| Problem details |
Down to the last line, set down the listing below exactly, apart from its pictures.

| Source material |
○ ○ ○ ○
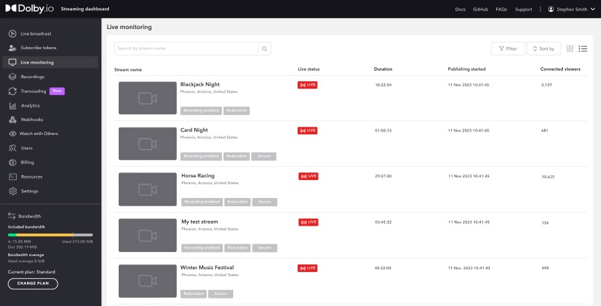 The Live monitoring section of the Streaming Dashboard is the place to view all of your active streams. This page displays all active ingest streams and streams that have been offline for the last hour. At a glance, you can check the number of connected viewers, stream duration, and status of your streams. Live monitoring allows you to access information about your streams to quickly diagnose and triage any issues.
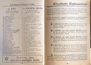 Libretto "Il CANZONIERE della RADIO" - EDIZIONE DEL 1 OTTOBRE 1941 - 21ESIMO FASCICOLO - Dimensioni 12 x 17 cm. Contiene 38 testi di canzoni dell'epoca. Contiene spartito della canzone "Bellezza mia" parole di Bertini-Penati - Musica di M. Schisa. Contiene lezione di fisarmonica di Kramer-Ripa.
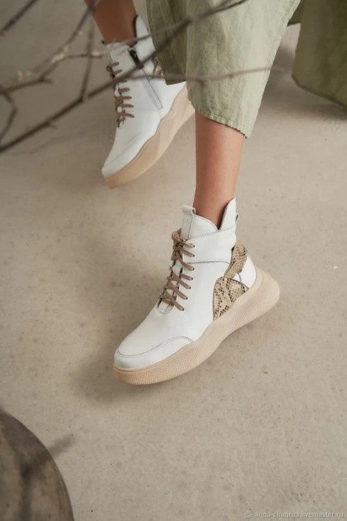 Анімалістичні вставки на білій шкірі – ефектні черевики для зимових аутфітів.
○ ○ ○ ○
| Answer to the exercise |
 The Live monitoring section of the Streaming Dashboard is the place to view all of your active streams. This page displays all active ingest streams and streams that have been offline for the last hour. At a glance, you can check the number of connected viewers, stream duration, and status of your streams. Live monitoring allows you to access information about your streams to quickly diagnose and triage any issues.
 Libretto "Il CANZONIERE della RADIO" - EDIZIONE DEL 1 OTTOBRE 1941 - 21ESIMO FASCICOLO - Dimensioni 12 x 17 cm. Contiene 38 testi di canzoni dell'epoca. Contiene spartito della canzone "Bellezza mia" parole di Bertini-Penati - Musica di M. Schisa. Contiene lezione di fisarmonica di Kramer-Ripa.
 Анімалістичні вставки на білій шкірі – ефектні черевики для зимових аутфітів.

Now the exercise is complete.